Record extracts below:

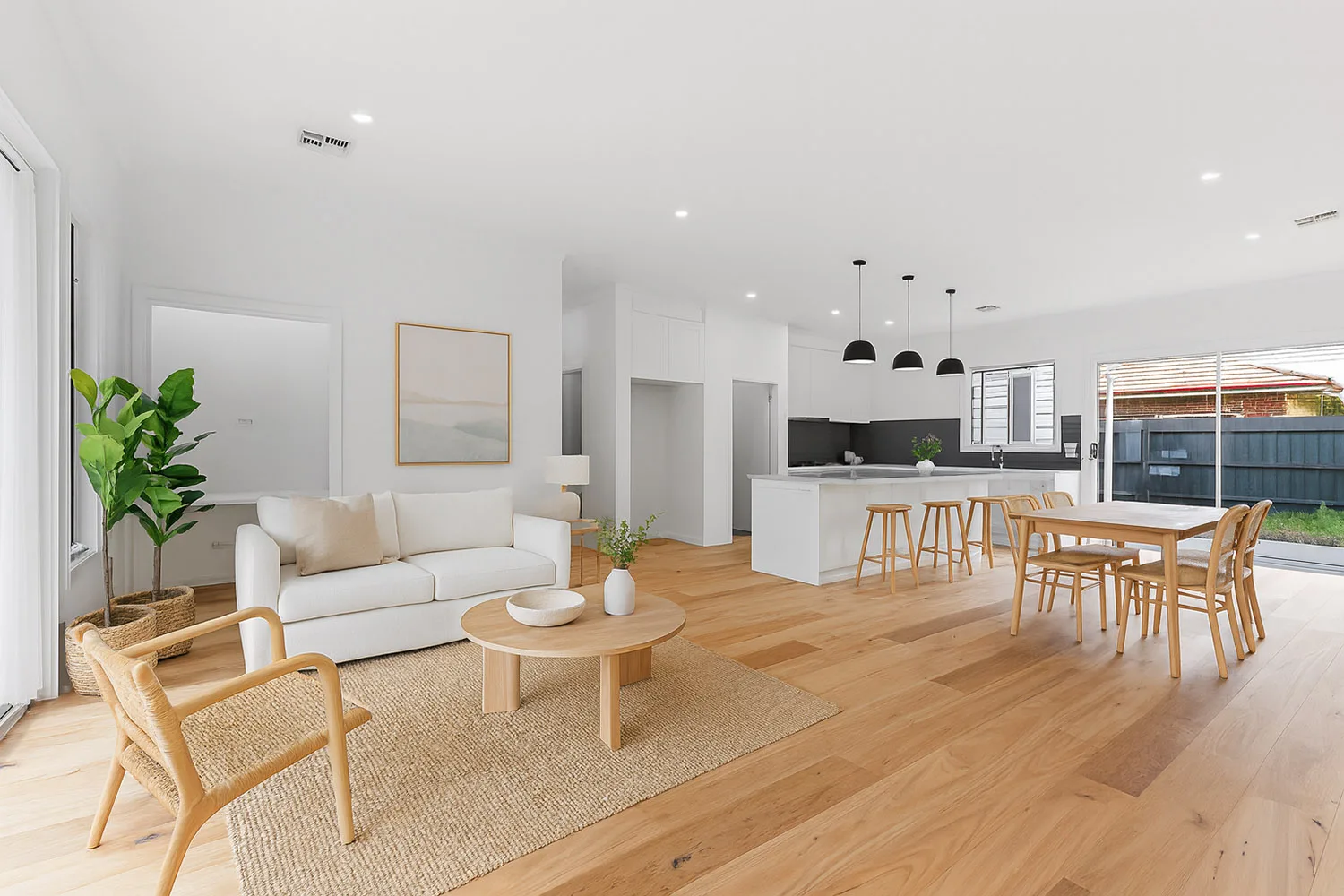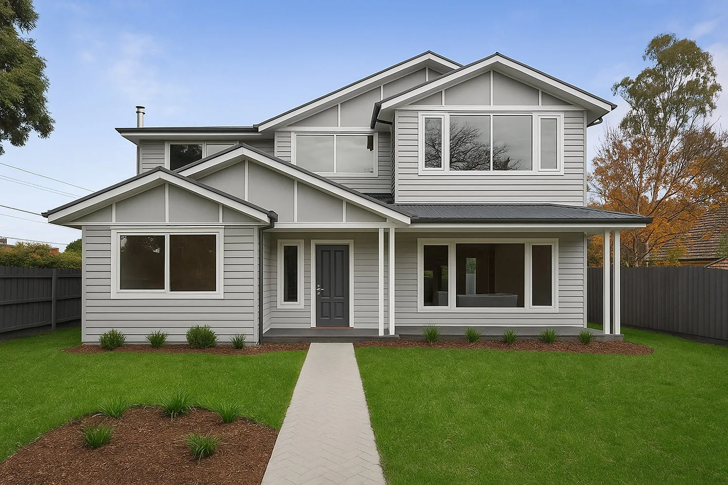 To the exterior of the house, we gave the alfresco added character by leaving the rafters exposed. The house is clad in weatherboard veneer for durability, and to complement the eye-catching property, we installed coloured concrete paving and new fencing around the perimeter.
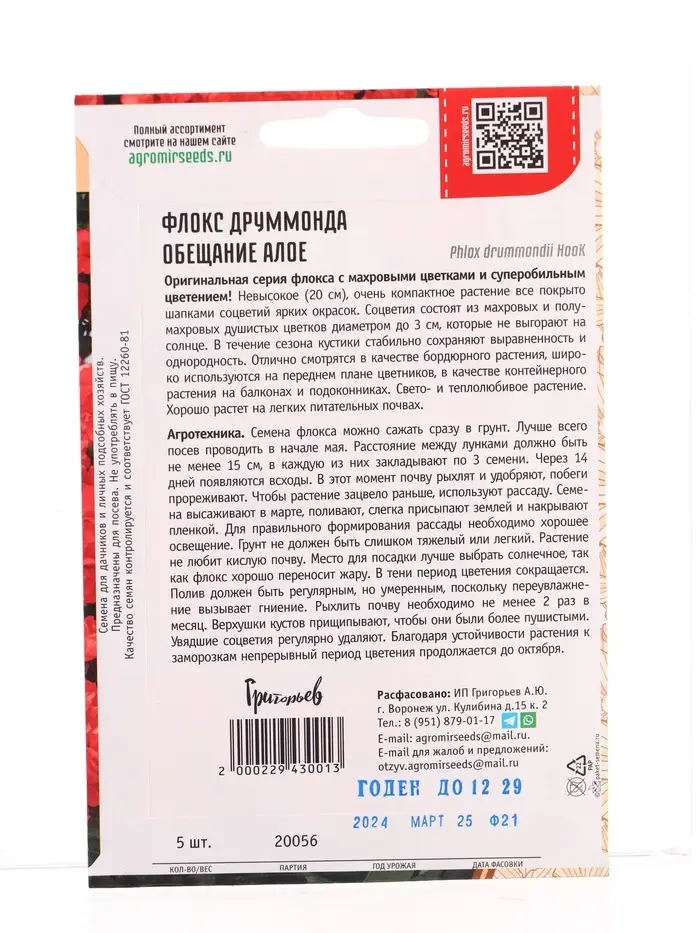 Семена цветов Флокс Обещание Алое махровый 5 шт. 12.29 г.
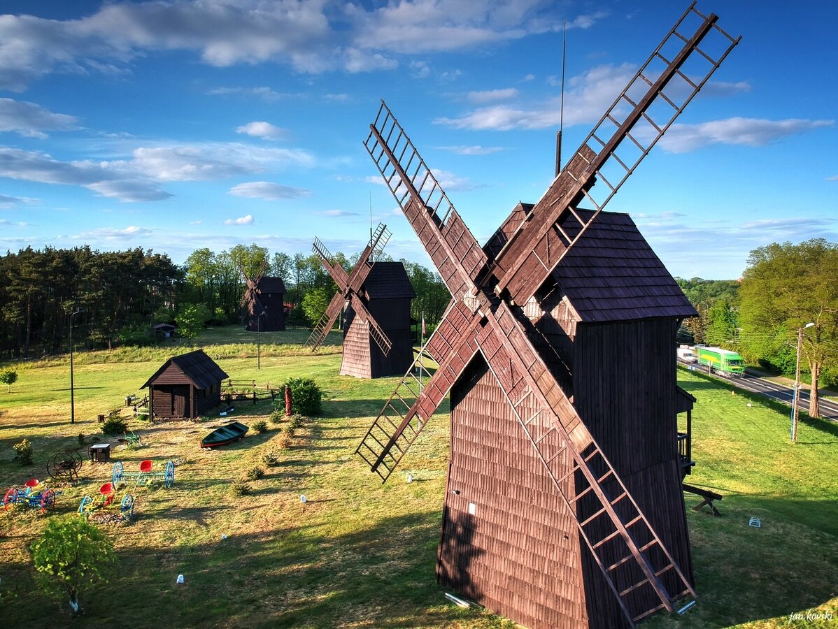 - Wiatrak „Jan 2” waży 26 ton, a zabytkowe – 80–90 ton i 12 m wysokości; odbudowany po wichurze w 2022 r. z solidnym fundamentem.
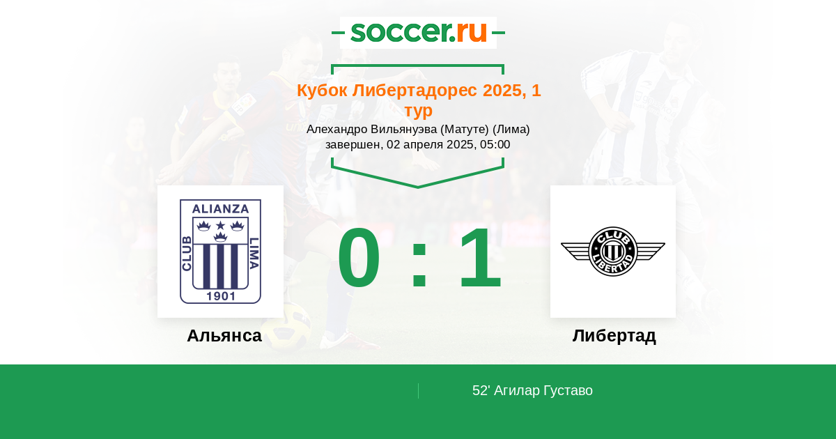 52' (0:1) Агилар Густаво (11) (Мартинес Уго (22))
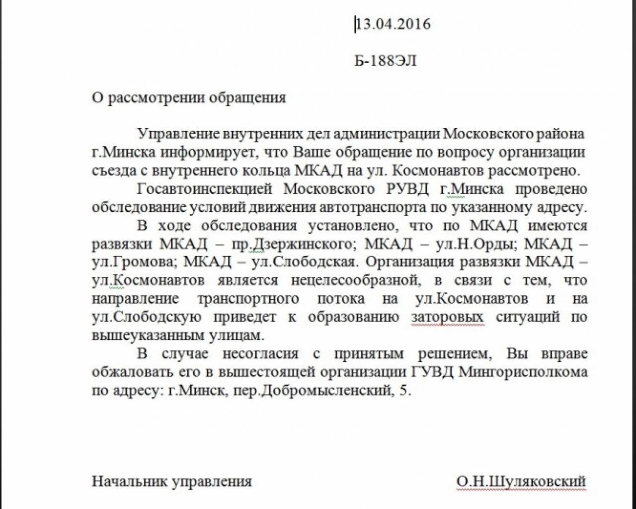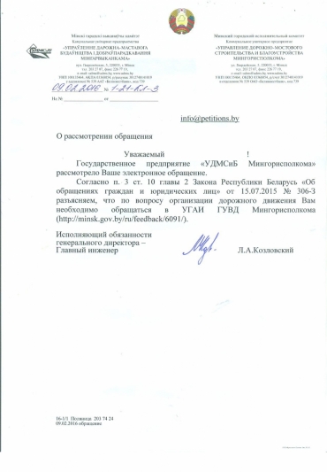 По результатам обследования ГАИ Московского района г. Минска полагает организацию развязки нецелесообразной, так как она приведет к возникновению заторов.

End of Record extracts.

(Problem description): All lines above starting at the one with "- Wiatrak „Jan" and ending at the one with "52' (0:1) Агилар", inclusive, are to be printed again exactly, with the pictures left out.

(Final answer):
 - Wiatrak „Jan 2” waży 26 ton, a zabytkowe – 80–90 ton i 12 m wysokości; odbudowany po wichurze w 2022 r. z solidnym fundamentem.
 52' (0:1) Агилар Густаво (11) (Мартинес Уго (22))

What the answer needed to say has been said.